Data to examine START

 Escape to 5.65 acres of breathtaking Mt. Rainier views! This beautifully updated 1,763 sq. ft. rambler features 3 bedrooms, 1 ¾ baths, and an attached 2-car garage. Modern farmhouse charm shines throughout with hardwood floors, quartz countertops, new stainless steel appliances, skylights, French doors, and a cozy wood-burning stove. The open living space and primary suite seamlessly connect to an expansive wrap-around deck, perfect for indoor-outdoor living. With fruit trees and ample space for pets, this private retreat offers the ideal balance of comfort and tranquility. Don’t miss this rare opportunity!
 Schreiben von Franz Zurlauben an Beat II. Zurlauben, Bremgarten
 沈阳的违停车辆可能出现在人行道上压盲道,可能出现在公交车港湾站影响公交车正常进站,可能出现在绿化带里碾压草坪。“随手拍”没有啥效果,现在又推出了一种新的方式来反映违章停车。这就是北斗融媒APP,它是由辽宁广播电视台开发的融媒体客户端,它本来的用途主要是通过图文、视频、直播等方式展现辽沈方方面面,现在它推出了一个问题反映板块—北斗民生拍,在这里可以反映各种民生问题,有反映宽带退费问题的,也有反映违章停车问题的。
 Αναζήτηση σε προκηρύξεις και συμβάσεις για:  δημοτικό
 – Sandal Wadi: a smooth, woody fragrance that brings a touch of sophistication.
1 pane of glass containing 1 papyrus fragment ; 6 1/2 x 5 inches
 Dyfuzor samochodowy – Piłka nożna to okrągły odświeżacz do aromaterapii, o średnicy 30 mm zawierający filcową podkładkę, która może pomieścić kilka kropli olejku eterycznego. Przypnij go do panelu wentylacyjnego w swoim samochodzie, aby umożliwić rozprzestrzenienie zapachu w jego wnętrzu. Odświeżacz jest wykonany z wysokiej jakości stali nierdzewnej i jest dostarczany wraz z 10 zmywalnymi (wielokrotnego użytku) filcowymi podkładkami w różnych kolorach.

Data to examine END

■ Action item ■
The answer is to be the lines from the one holding "touch of sophistication." through the end of the data above, transcribed character for character, both ends included.

■ Your response ■
 – Sandal Wadi: a smooth, woody fragrance that brings a touch of sophistication.
1 pane of glass containing 1 papyrus fragment ; 6 1/2 x 5 inches
 Dyfuzor samochodowy – Piłka nożna to okrągły odświeżacz do aromaterapii, o średnicy 30 mm zawierający filcową podkładkę, która może pomieścić kilka kropli olejku eterycznego. Przypnij go do panelu wentylacyjnego w swoim samochodzie, aby umożliwić rozprzestrzenienie zapachu w jego wnętrzu. Odświeżacz jest wykonany z wysokiej jakości stali nierdzewnej i jest dostarczany wraz z 10 zmywalnymi (wielokrotnego użytku) filcowymi podkładkami w różnych kolorach.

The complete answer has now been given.